It’s almost a perfect storm of negative business conditions. Small businesses managers need to understand how inflation touches all aspects of their business and must manage its impact to maintain profitability and sustainable growth.

Managing Inflation Risk with a WIN Campaign

SME can meet the challenge of inflation head on by implementing a Whip Inflation Now (WIN) program that engages the numerous risks inflation poses. In deference to our former President Gerald Ford, business managers can initiate WIN Programs and actions to temper the impact of inflation and to seize opportunities that rapidly changing market conditions create. Small businesses must be extra vigilant and proactive in managing all classes of business risks.

Some small businesses will cave into the demands of their large accounts to cut prices to prevent them from going to a lower cost provider. This is very dangerous for small businesses and can result in “death by a thousand cuts.” Managers should not wait for their largest account to approach them seeking price concessions. Now is the perfect time to go on the offensive and alter the value proposition that only your firm can uniquely deliver to key accounts. Remember your largest accounts are experiencing the negative effects of inflation as well. Go to them and propose a WIN Campaign.

A company’s WIN Campaign can offer a joint marketing program using advanced web enabled technologies. Your WIN Campaign can implement an expanded training and support program tied to a business development program or supply chain rationalization. You may suggest a partnership to develop a new product or put in place a customer loyalty program. Your job is to create a unique value proposition that adds value to your product and convey it to your customer so they cannot commoditize your product. Together you and your clients can WIN the fight against inflation and turn it into a business development initiative. Your clients will appreciate the fact that you are thinking about their business success.

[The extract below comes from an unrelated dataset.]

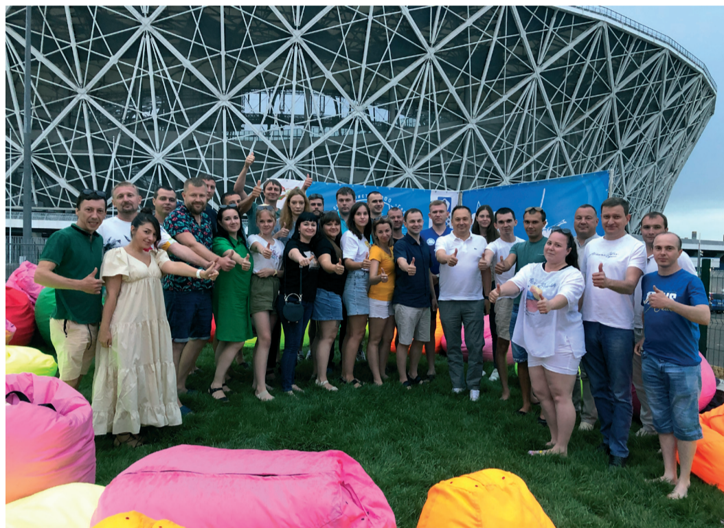
Встреча прошла в непринужденной обстановке и «на позитиве»

В июле Совет молодых ученых и специалистов ООО «Газпром трансгаз Волгоград» подвел итоги своей деятельности за первое полугодие 2022 года и наметил основные задачи на предстоящий период работы.

Another common knee jerk reaction to fight rising business costs is to reduce expenses by cutting expenditures on areas that do not support the mission critical functions of the business. Capital is allocated to maintain funding to support sales, production and product delivery. This is coupled with a lean administrative management structure and this model is seen as a recipe for economic survival. Being good stewards of corporate capital is essential during these times. Capital leakage is always a threat to business profitability and needs to be even more diligently managed during times of economic duress. But this strategy is a subsistence survival strategy. It is based on investing the barest minimum of capital to address fluctuating market conditions. This strategy may limit small businesses ability to literally capitalize on opportunities that changing market conditions present.

Cutting expenses for marketing is usually another budget casualty when businesses look to cut costs. This will reduce your current expense line for this quarter and will certainly help bottom line profitability; but skipping this year’s trade show will not help you to locate that new customer who is looking for a supplier because his current provider is struggling with product quality issues. Cutting this expense won’t provide you with the critical insights you need to stay competitive and ahead of new market entrants that are attending trade shows. Who by the way are also aggressively courting your largest account to get just a tiny slice of your business to demonstrate their “superior value proposition.”

Employee benefits and training is another area that is often the focus of budgetary cutbacks. Many SME need to closely consider the gains they will realize by cutting back on benefits offered to its employees. Cutting benefits could increase employee turnover. Training and hiring new employees are an expensive proposition for SME. The loss of key employees can potentially devastate a small business. Expertise, intellectual capital and critical business intelligence leaves the organization when a key employee walks out the door. This is doubly true if some key employees leave the firm and walk some major client relationships out the door with them.

SME can also try to employ risk transfer strategies. Insurance purchases may help in some areas but to fight inflation small businesses can use financial instruments (capital permitting) to hedge against rising prices. The purchase of TIPs, FX forward contracts, commodity or energy futures can help to offset the negative effects of key inflation business threats. As the price of oil rose this summer a modest equity position in oil or other energy company would have helped to offset the increase in energy expenses.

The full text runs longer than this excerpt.